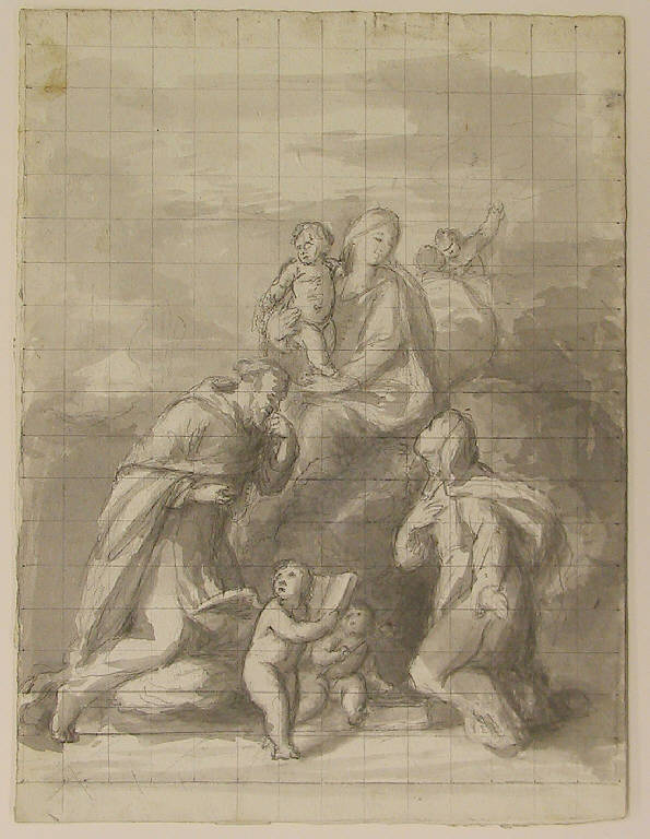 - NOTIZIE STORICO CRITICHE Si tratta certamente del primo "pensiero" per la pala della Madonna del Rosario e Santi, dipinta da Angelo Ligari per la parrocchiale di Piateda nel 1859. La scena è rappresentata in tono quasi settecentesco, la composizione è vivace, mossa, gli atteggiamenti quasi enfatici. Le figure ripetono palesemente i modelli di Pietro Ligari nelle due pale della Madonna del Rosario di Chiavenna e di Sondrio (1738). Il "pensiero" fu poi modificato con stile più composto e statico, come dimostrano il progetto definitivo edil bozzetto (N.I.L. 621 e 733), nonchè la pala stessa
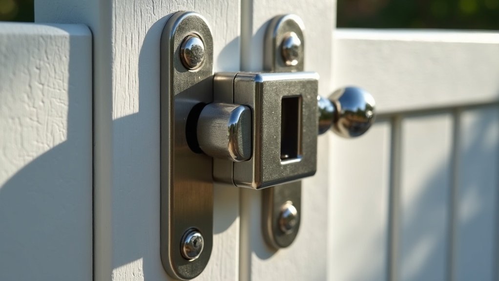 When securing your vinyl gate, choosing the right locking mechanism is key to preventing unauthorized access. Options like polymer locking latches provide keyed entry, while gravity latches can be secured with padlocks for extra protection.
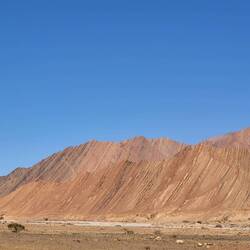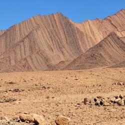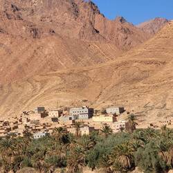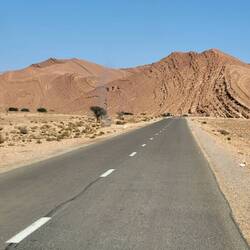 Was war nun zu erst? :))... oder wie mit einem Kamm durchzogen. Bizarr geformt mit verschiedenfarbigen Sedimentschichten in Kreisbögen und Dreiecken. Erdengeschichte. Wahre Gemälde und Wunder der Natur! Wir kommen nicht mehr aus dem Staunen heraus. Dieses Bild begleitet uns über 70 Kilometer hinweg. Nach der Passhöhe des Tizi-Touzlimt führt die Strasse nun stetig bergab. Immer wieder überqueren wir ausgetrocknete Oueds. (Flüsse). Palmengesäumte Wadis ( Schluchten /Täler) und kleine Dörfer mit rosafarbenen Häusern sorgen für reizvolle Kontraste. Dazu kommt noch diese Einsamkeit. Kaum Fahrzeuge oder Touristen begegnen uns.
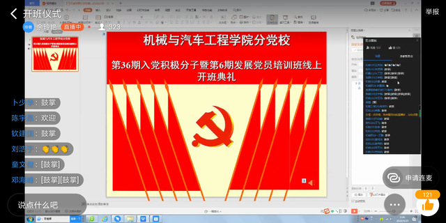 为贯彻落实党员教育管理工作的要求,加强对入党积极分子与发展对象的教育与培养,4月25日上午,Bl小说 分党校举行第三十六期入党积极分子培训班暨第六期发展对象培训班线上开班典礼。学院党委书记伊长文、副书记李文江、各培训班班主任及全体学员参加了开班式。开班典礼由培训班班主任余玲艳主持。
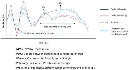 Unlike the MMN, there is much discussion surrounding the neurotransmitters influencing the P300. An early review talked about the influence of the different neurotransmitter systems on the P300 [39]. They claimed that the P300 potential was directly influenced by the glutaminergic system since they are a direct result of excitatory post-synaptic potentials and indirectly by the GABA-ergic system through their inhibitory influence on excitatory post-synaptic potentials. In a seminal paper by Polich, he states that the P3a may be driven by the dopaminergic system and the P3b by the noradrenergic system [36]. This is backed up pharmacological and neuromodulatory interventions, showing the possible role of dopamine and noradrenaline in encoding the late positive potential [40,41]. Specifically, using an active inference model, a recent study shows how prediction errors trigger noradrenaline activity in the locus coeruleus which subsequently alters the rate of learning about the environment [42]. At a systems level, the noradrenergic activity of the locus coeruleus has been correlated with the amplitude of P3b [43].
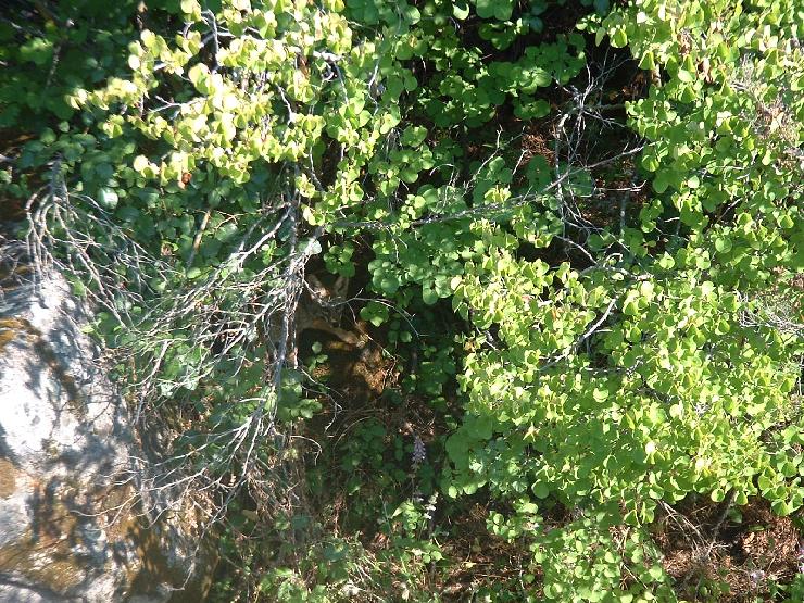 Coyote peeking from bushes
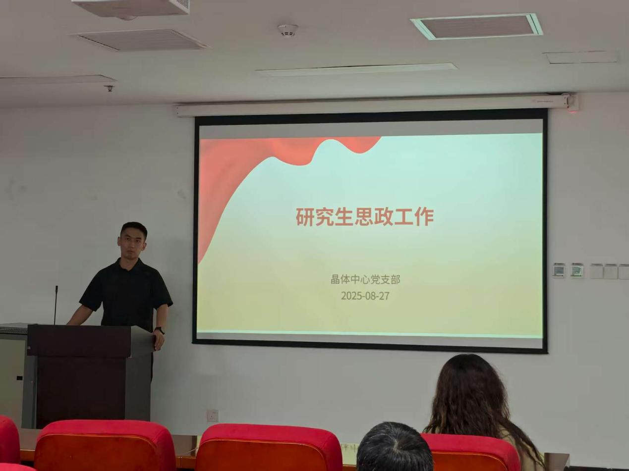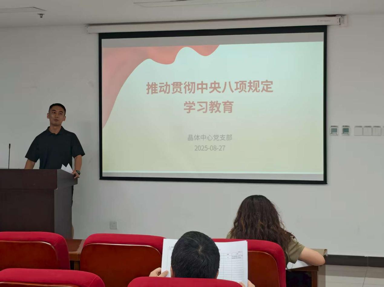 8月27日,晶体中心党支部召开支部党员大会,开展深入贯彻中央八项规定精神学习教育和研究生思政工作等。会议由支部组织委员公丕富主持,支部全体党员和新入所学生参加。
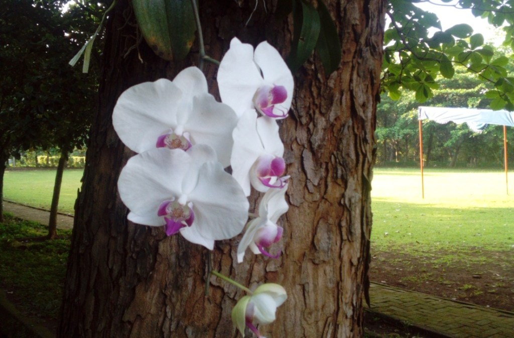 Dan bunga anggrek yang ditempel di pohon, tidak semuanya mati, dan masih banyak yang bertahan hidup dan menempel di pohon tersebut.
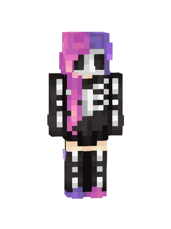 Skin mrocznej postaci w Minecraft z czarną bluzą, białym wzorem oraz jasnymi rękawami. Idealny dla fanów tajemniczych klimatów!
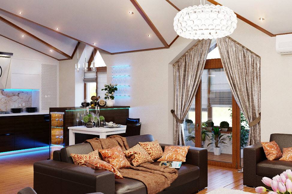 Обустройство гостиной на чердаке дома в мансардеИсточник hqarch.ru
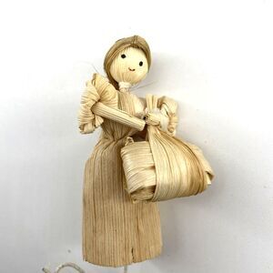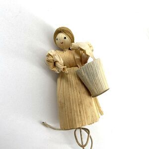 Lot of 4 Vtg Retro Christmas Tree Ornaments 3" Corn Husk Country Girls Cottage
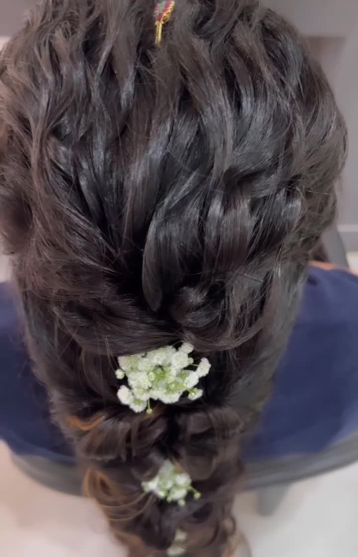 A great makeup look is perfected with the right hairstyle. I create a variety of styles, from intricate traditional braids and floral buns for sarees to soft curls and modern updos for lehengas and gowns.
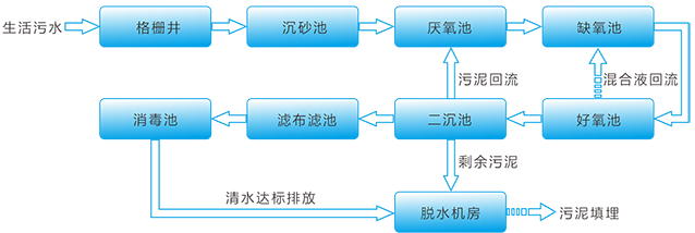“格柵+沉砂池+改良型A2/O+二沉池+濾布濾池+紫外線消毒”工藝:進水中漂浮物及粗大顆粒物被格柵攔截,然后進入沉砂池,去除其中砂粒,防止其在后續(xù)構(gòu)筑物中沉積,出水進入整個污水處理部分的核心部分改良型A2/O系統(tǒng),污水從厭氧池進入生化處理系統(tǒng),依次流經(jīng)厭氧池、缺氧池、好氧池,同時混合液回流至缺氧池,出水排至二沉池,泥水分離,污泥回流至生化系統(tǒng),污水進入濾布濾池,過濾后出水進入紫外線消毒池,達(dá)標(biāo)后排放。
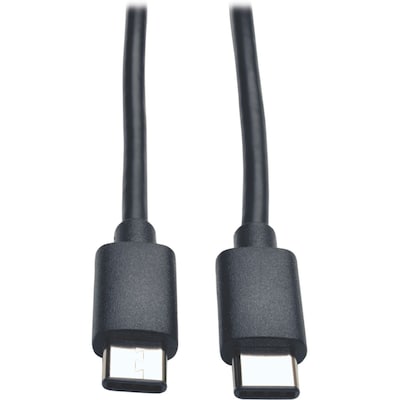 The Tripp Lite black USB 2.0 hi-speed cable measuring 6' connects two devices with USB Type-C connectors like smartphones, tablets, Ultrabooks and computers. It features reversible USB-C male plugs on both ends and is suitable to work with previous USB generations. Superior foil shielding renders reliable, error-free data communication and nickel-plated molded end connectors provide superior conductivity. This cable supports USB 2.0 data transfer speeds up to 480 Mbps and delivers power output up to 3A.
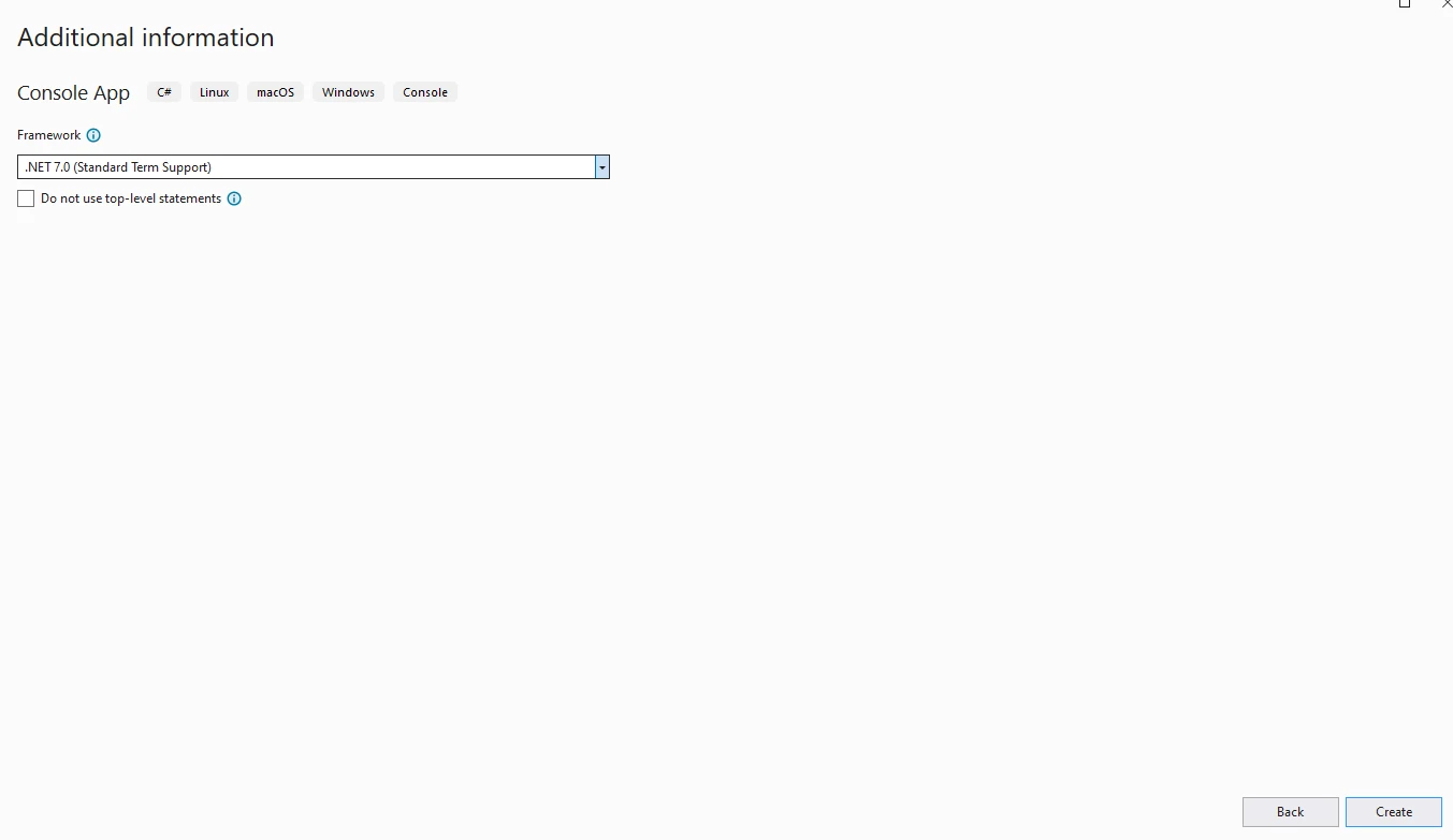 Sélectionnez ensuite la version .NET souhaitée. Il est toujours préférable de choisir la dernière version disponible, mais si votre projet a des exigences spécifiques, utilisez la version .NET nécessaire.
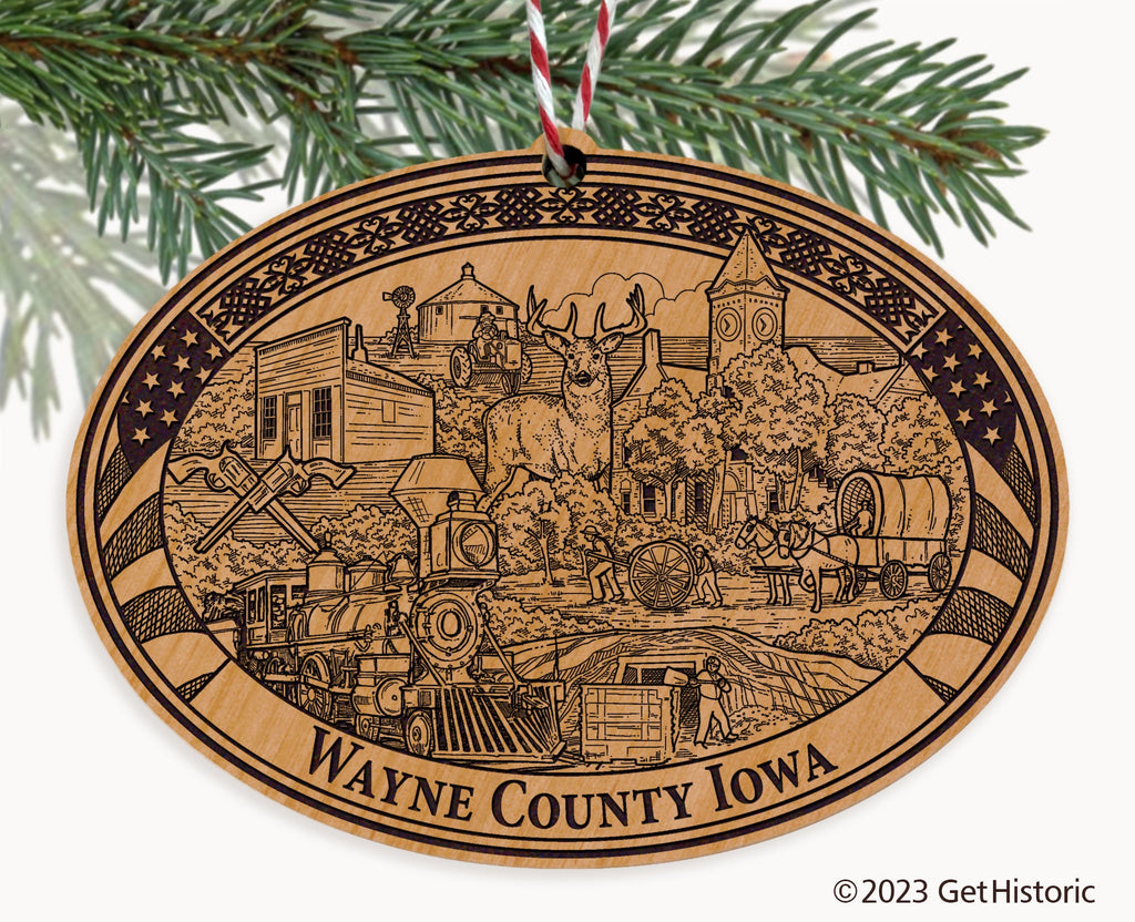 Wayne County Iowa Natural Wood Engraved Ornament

GOAL OF THE EXERCISE
The records above should be repeated exactly, with every picture omitted.

EXERCISE RESPONSE
 - NOTIZIE STORICO CRITICHE Si tratta certamente del primo "pensiero" per la pala della Madonna del Rosario e Santi, dipinta da Angelo Ligari per la parrocchiale di Piateda nel 1859. La scena è rappresentata in tono quasi settecentesco, la composizione è vivace, mossa, gli atteggiamenti quasi enfatici. Le figure ripetono palesemente i modelli di Pietro Ligari nelle due pale della Madonna del Rosario di Chiavenna e di Sondrio (1738). Il "pensiero" fu poi modificato con stile più composto e statico, come dimostrano il progetto definitivo edil bozzetto (N.I.L. 621 e 733), nonchè la pala stessa
 When securing your vinyl gate, choosing the right locking mechanism is key to preventing unauthorized access. Options like polymer locking latches provide keyed entry, while gravity latches can be secured with padlocks for extra protection.
 Was war nun zu erst? :))... oder wie mit einem Kamm durchzogen. Bizarr geformt mit verschiedenfarbigen Sedimentschichten in Kreisbögen und Dreiecken. Erdengeschichte. Wahre Gemälde und Wunder der Natur! Wir kommen nicht mehr aus dem Staunen heraus. Dieses Bild begleitet uns über 70 Kilometer hinweg. Nach der Passhöhe des Tizi-Touzlimt führt die Strasse nun stetig bergab. Immer wieder überqueren wir ausgetrocknete Oueds. (Flüsse). Palmengesäumte Wadis ( Schluchten /Täler) und kleine Dörfer mit rosafarbenen Häusern sorgen für reizvolle Kontraste. Dazu kommt noch diese Einsamkeit. Kaum Fahrzeuge oder Touristen begegnen uns.
 为贯彻落实党员教育管理工作的要求,加强对入党积极分子与发展对象的教育与培养,4月25日上午,Bl小说 分党校举行第三十六期入党积极分子培训班暨第六期发展对象培训班线上开班典礼。学院党委书记伊长文、副书记李文江、各培训班班主任及全体学员参加了开班式。开班典礼由培训班班主任余玲艳主持。
 Unlike the MMN, there is much discussion surrounding the neurotransmitters influencing the P300. An early review talked about the influence of the different neurotransmitter systems on the P300 [39]. They claimed that the P300 potential was directly influenced by the glutaminergic system since they are a direct result of excitatory post-synaptic potentials and indirectly by the GABA-ergic system through their inhibitory influence on excitatory post-synaptic potentials. In a seminal paper by Polich, he states that the P3a may be driven by the dopaminergic system and the P3b by the noradrenergic system [36]. This is backed up pharmacological and neuromodulatory interventions, showing the possible role of dopamine and noradrenaline in encoding the late positive potential [40,41]. Specifically, using an active inference model, a recent study shows how prediction errors trigger noradrenaline activity in the locus coeruleus which subsequently alters the rate of learning about the environment [42]. At a systems level, the noradrenergic activity of the locus coeruleus has been correlated with the amplitude of P3b [43].
 Coyote peeking from bushes
 8月27日,晶体中心党支部召开支部党员大会,开展深入贯彻中央八项规定精神学习教育和研究生思政工作等。会议由支部组织委员公丕富主持,支部全体党员和新入所学生参加。
 Dan bunga anggrek yang ditempel di pohon, tidak semuanya mati, dan masih banyak yang bertahan hidup dan menempel di pohon tersebut.
 Skin mrocznej postaci w Minecraft z czarną bluzą, białym wzorem oraz jasnymi rękawami. Idealny dla fanów tajemniczych klimatów!
 Обустройство гостиной на чердаке дома в мансардеИсточник hqarch.ru
 Lot of 4 Vtg Retro Christmas Tree Ornaments 3" Corn Husk Country Girls Cottage
 A great makeup look is perfected with the right hairstyle. I create a variety of styles, from intricate traditional braids and floral buns for sarees to soft curls and modern updos for lehengas and gowns.
“格柵+沉砂池+改良型A2/O+二沉池+濾布濾池+紫外線消毒”工藝:進水中漂浮物及粗大顆粒物被格柵攔截,然后進入沉砂池,去除其中砂粒,防止其在后續(xù)構(gòu)筑物中沉積,出水進入整個污水處理部分的核心部分改良型A2/O系統(tǒng),污水從厭氧池進入生化處理系統(tǒng),依次流經(jīng)厭氧池、缺氧池、好氧池,同時混合液回流至缺氧池,出水排至二沉池,泥水分離,污泥回流至生化系統(tǒng),污水進入濾布濾池,過濾后出水進入紫外線消毒池,達(dá)標(biāo)后排放。
 The Tripp Lite black USB 2.0 hi-speed cable measuring 6' connects two devices with USB Type-C connectors like smartphones, tablets, Ultrabooks and computers. It features reversible USB-C male plugs on both ends and is suitable to work with previous USB generations. Superior foil shielding renders reliable, error-free data communication and nickel-plated molded end connectors provide superior conductivity. This cable supports USB 2.0 data transfer speeds up to 480 Mbps and delivers power output up to 3A.
 Sélectionnez ensuite la version .NET souhaitée. Il est toujours préférable de choisir la dernière version disponible, mais si votre projet a des exigences spécifiques, utilisez la version .NET nécessaire.
 Wayne County Iowa Natural Wood Engraved Ornament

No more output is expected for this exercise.